▸ **WHAT TO DO**:
Could you copy exactly the lines below from the one with "The perfect mixture" to the one with "Figure 6 This", inclusive, leaving out any pictures?

▸ **DATA IN THIS EXERCISE**:
--------

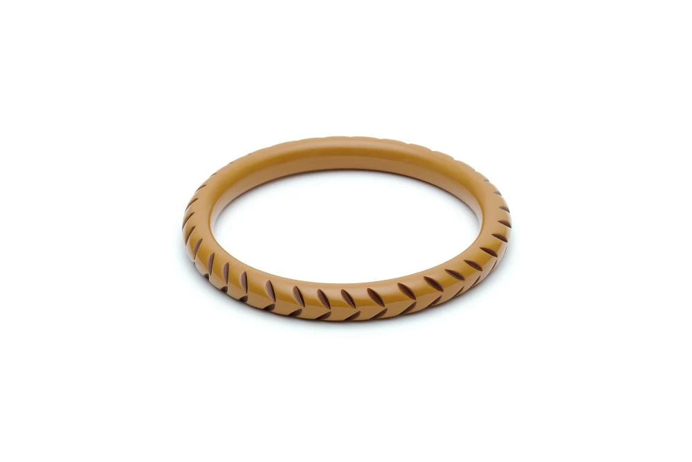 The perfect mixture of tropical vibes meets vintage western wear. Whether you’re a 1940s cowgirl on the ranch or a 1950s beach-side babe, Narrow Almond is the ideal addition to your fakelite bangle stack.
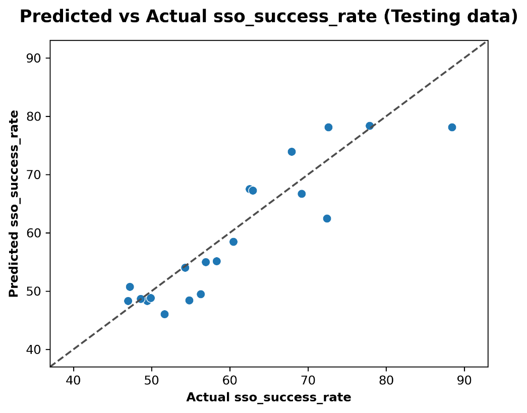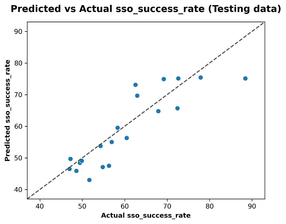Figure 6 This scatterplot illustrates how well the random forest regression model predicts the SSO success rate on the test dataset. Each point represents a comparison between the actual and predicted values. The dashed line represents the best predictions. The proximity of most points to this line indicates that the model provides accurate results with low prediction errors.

--------

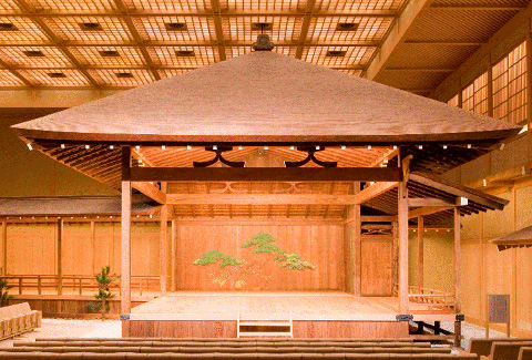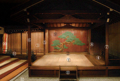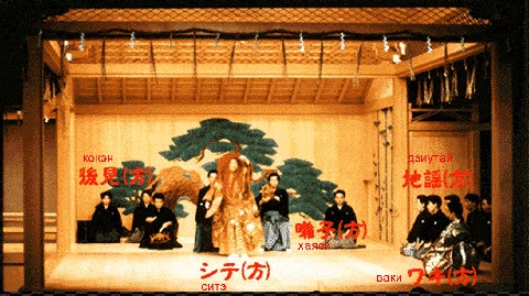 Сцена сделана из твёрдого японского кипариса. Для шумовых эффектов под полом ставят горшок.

--------

▸ **PROBLEM SOLUTION**:
 The perfect mixture of tropical vibes meets vintage western wear. Whether you’re a 1940s cowgirl on the ranch or a 1950s beach-side babe, Narrow Almond is the ideal addition to your fakelite bangle stack.
Figure 6 This scatterplot illustrates how well the random forest regression model predicts the SSO success rate on the test dataset. Each point represents a comparison between the actual and predicted values. The dashed line represents the best predictions. The proximity of most points to this line indicates that the model provides accurate results with low prediction errors.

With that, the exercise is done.